Free College Essays - The Noble Othello in Shakespeares Othello :: GCSE Coursework Shakespeare Othello

The Noble Othello This character is so noble, Othellos smackings and actions amount so inevitably from it and from the forces brought to bear on it, and his sufferings are so heart-rending, that he stirs a passion of mingled love and pity which readers feel for no otherwise hero in Shakespeare, and to which not heretofore Mr Swinburne can do to a greater extent than justice. Yet there are some critics and not a a few(prenominal) readers who cherish a grudge against him. They do not merely hypothesise that in the later stages of his temptation he showed a certain obtuseness, and that, to utter pedantic anyy, he acted with unjustifiable precipitance and violence no one, I suppose, denies that. But, notwithstanding when they admit that he was not of a jealous temper, they consider that he was easily jealous they seem to think that it was inexcusable in him to feel any suspicion of his married woman at all and they blame him for never suspecting Iago or asking him for evidence. I refer to this attitude of mind chiefly in order to draw attention to certain points in the story. It comes part from inattention (for Othello did suspect Iago and did ask him for evidence) partly from a misconstruction of the textbook which makes Othello appear jealous long before he really is so Endnote 2 and partly from failure to realise certain essential facts. I pull up stakes begin with these. 1. Othello, we have seen, was trustful, and thorough in his trust. He put undefiled confidence in the honesty of Iago, who had not only been his companion in arms, but, as he believed, had just proved his faithfulness in the question of the marriage. This confidence was misplaced, and we happen to know it but it was no sign of lunacy in Othello.
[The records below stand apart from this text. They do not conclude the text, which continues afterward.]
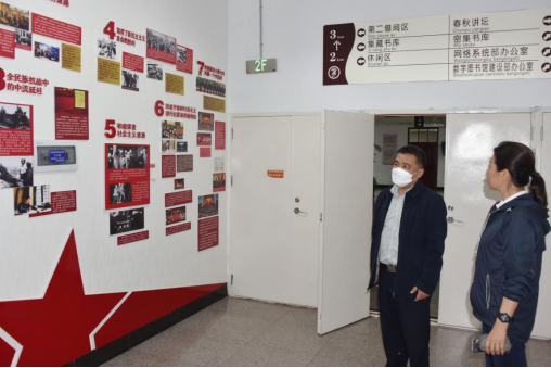 刘松副书记实地查看了位于图书馆二楼和三楼的走廊文化、电子屏等宣传阵地,并对宣传方向和展示内容提出了要求。宣传阵地要发挥思想引领和理论学习的重要作用,严格把关,大力宣传,打造优良的党建文化品牌。
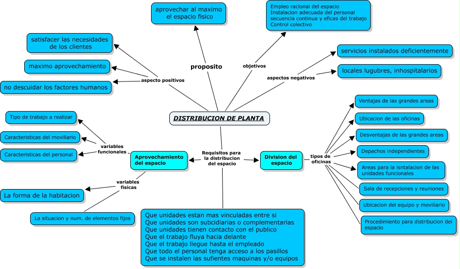 Este Cmap, tiene información relacionada con: DISTRIBUCION DE PLANTA, Aprovechamiento del espacio variables fisicas La forma de la habitacion, Division del espacio tipos de oficinas Areas para la isntalacion de las unidades funcionales, Aprovechamiento del espacio variables funcionales Tipo de trabajo a realizar, Division del espacio tipos de oficinas Ubicacion de las oficinas, Division del espacio tipos de oficinas Sala de recepciones y reuniones, Division del espacio tipos de oficinas Depachos independientes, Aprovechamiento del espacio variables fisicas La situacion y num. de elementos fijos, DISTRIBUCION DE PLANTA aspecto positivos satisfacer las necesidades de los clientes, Aprovechamiento del espacio variables funcionales Caracteristicas del moviliario, Division del espacio tipos de oficinas Procedimiento para distribucion del espacio, DISTRIBUCION DE PLANTA aspectos negativos locales lugubres, inhospitalarios, DISTRIBUCION DE PLANTA proposito aprovechar al maximo el espacio fisico, DISTRIBUCION DE PLANTA objetivos Empleo racional del espacio Instalacion adecuada del personal secuencia continua y eficas del trabajo Control colectivo, Division del espacio tipos de oficinas Ventajas de las grandes areas, DISTRIBUCION DE PLANTA aspecto positivos no descuidar los factores humanos, DISTRIBUCION DE PLANTA Requisitos para la distribucion del espacio Division del espacio, Aprovechamiento del espacio variables funcionales Caracteristicas del personal, Division del espacio tipos de oficinas Ubicacion del equipo y moviliario, DISTRIBUCION DE PLANTA Requisitos para la distribucion del espacio Aprovechamiento del espacio, DISTRIBUCION DE PLANTA aspecto positivos maximo aprovechamiento
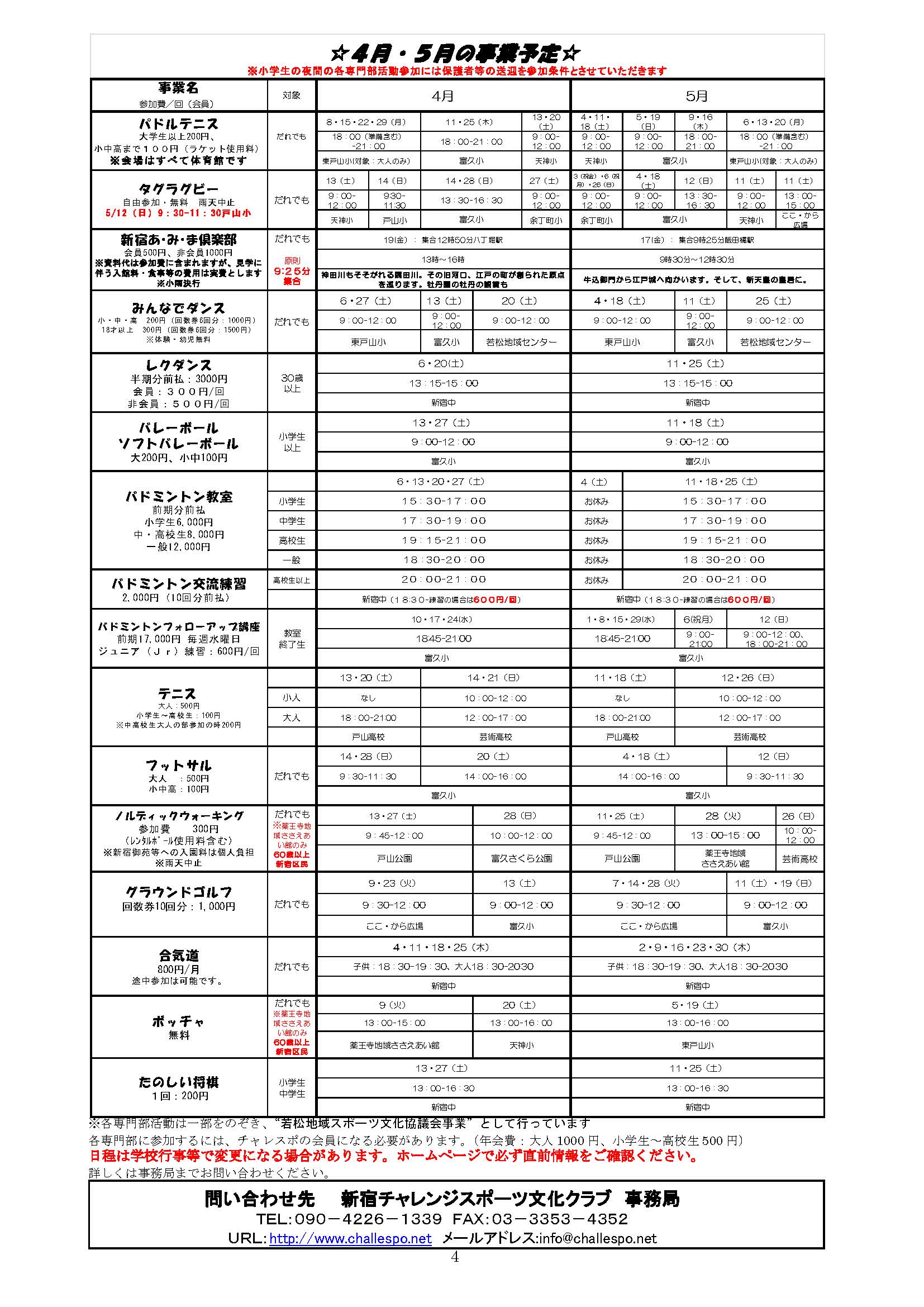 末尾4面に4月・5月の開催予定がありますので初めて参加希望の方もお気軽にお越しください。

For his opinion of Iago was the opinion of practically everyone who knew him and that opinion was that Iago was before all things honest, his very faults being those of excess in honesty. This being so, even if Othello had not been t rustful and simple, it would have been quite unnatural in him to be unmoved by the warnings of so honest a friend, warnings offered with extreme wavering and manifestly from a friends sense of duty. Endnote 3 Any husband would have been roily by them. 2. Iago does not bring these warnings to a husband who had lived with a wife for months and years and knew her like his sister or his bosom-friend.